Issue #27: Question the fear, and do it anyway – how to make curiosity your superpower, in 5 steps
An interview with author Constantine Andriopoulos on using purposeful curiosity to reclaim your attention, check your ego & conquer your inner critic. Plus, what are Impossible Questions?
Four-year-olds ask between 70 to 200 questions a day. For grown adults, it’s 20 ‘on a good day’. That’s according to Dr. Constantine ‘Costas’ Andriopoulos, who cites the research in his book, Purposeful Curiosity: How asking the right questions will change your life.
Curiosity, according to Costas, is a quality we’re born with, which diminishes in adulthood – the result of a brick-in-the-wall education system which grinds those inquisitive young minds in the mill of convention, although a co-credit must surely go to our highly-receptive internet culture, an all-you-can-eat world buffet of over-information which, oddly, leaves us both overstimulated and dissatisfied.
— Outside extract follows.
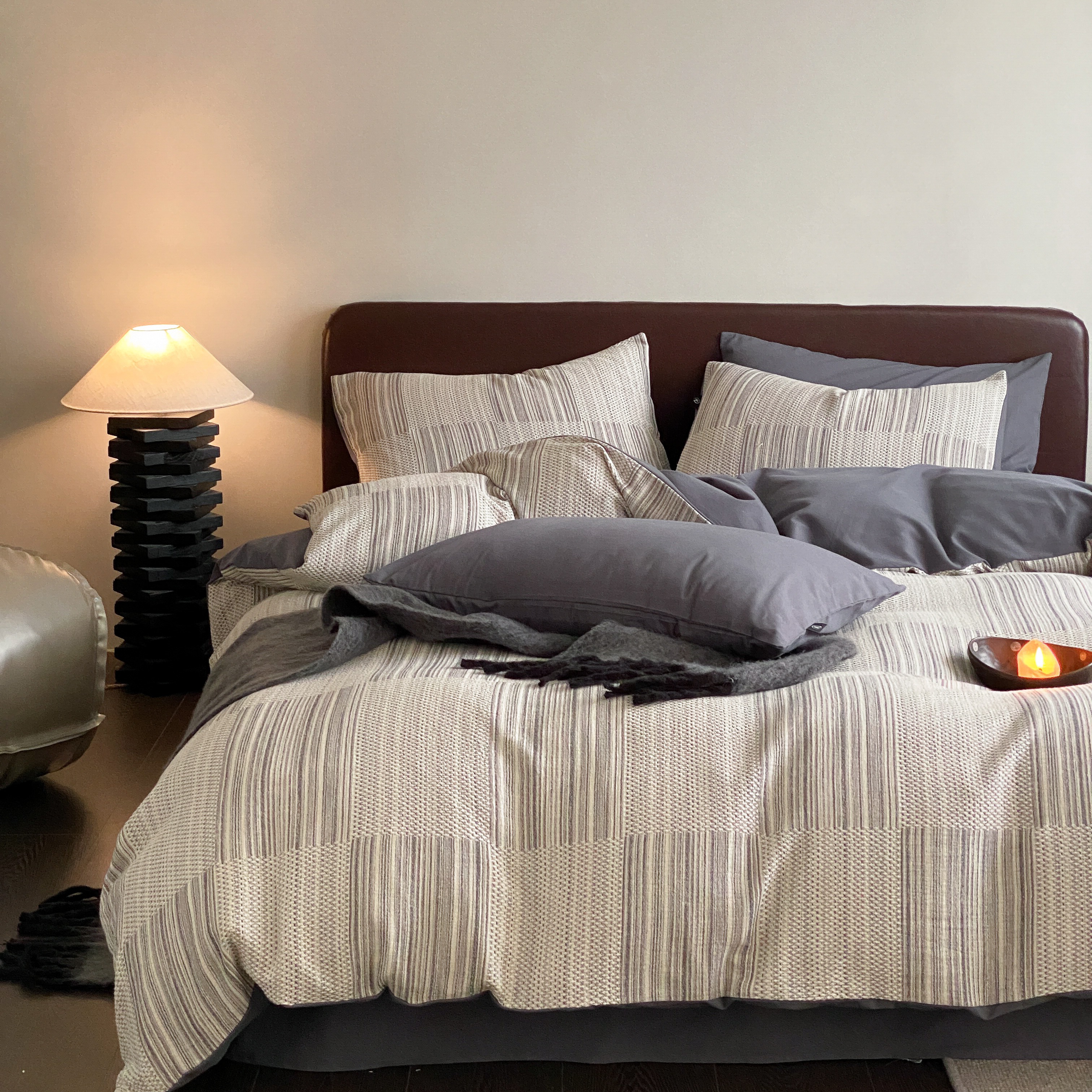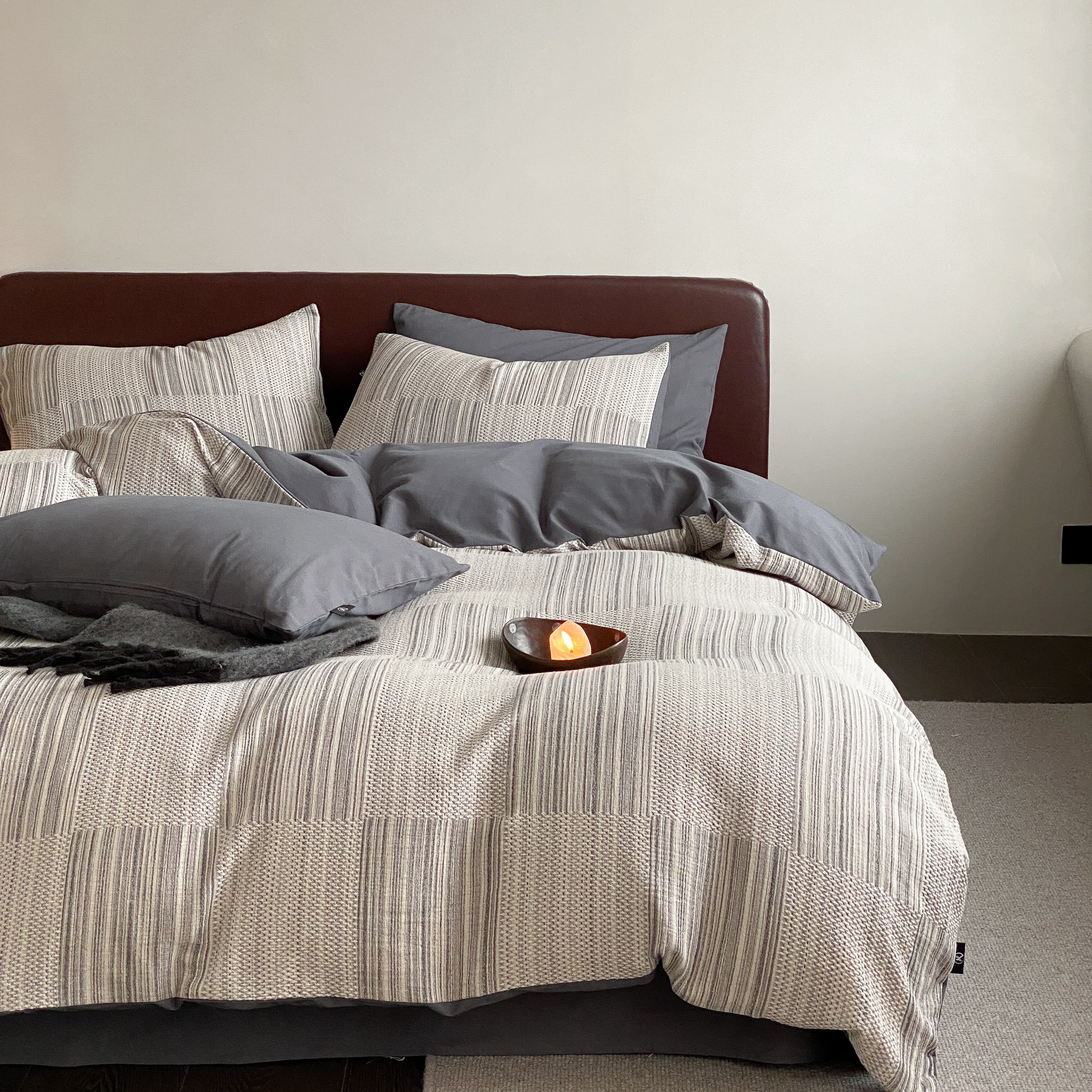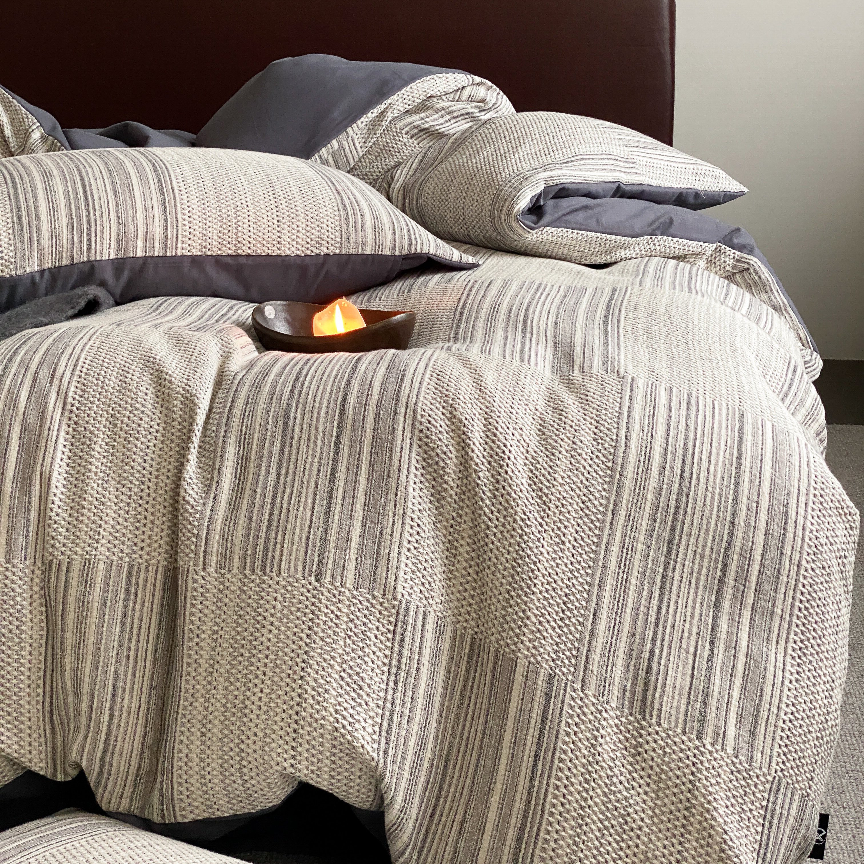 旷野 2025新款全棉华夫格提花磨毛四件套 吉野-巴黎灰

‘We lose interest in any journey that takes more than a few minutes and a few clicks on our smartphones… We have become addicted to breadth over depth, worshipping quick and straightforward answers.’
The antidote is what Costas calls purposeful curiosity, or ‘channeling [your] curiosity to a particular purpose’ for instance ‘discovering new opportunities or reaching a significant goal.’ It’s the antithesis to falling down a Wikipedia rabbit hole, or worse still the Instagram/TikTok infinite scroll – this is elite level curious-ing, with the end result of ‘improving your life and business… helping you meet your goals and thrive’ (says the book blurb).
There’s a David & Goliath-esque satisfaction in this notion: that the child-like quality of asking questions – which exists in direct opposition to say, maximising productivity, or the ego-preserving ‘faking it ‘til we make it’ – could be a secret superpower. In our conversation, recorded for your listening pleasure, Costas talks me through how curiosity can be employed as a secret weapon against fear, neutralising that screaming inner critic that too often gets in the way of us pursuing a certain dream. What if we treated that start-up idea, or side business, or hobby, as a more benevolent-sounding ‘curiosity project’?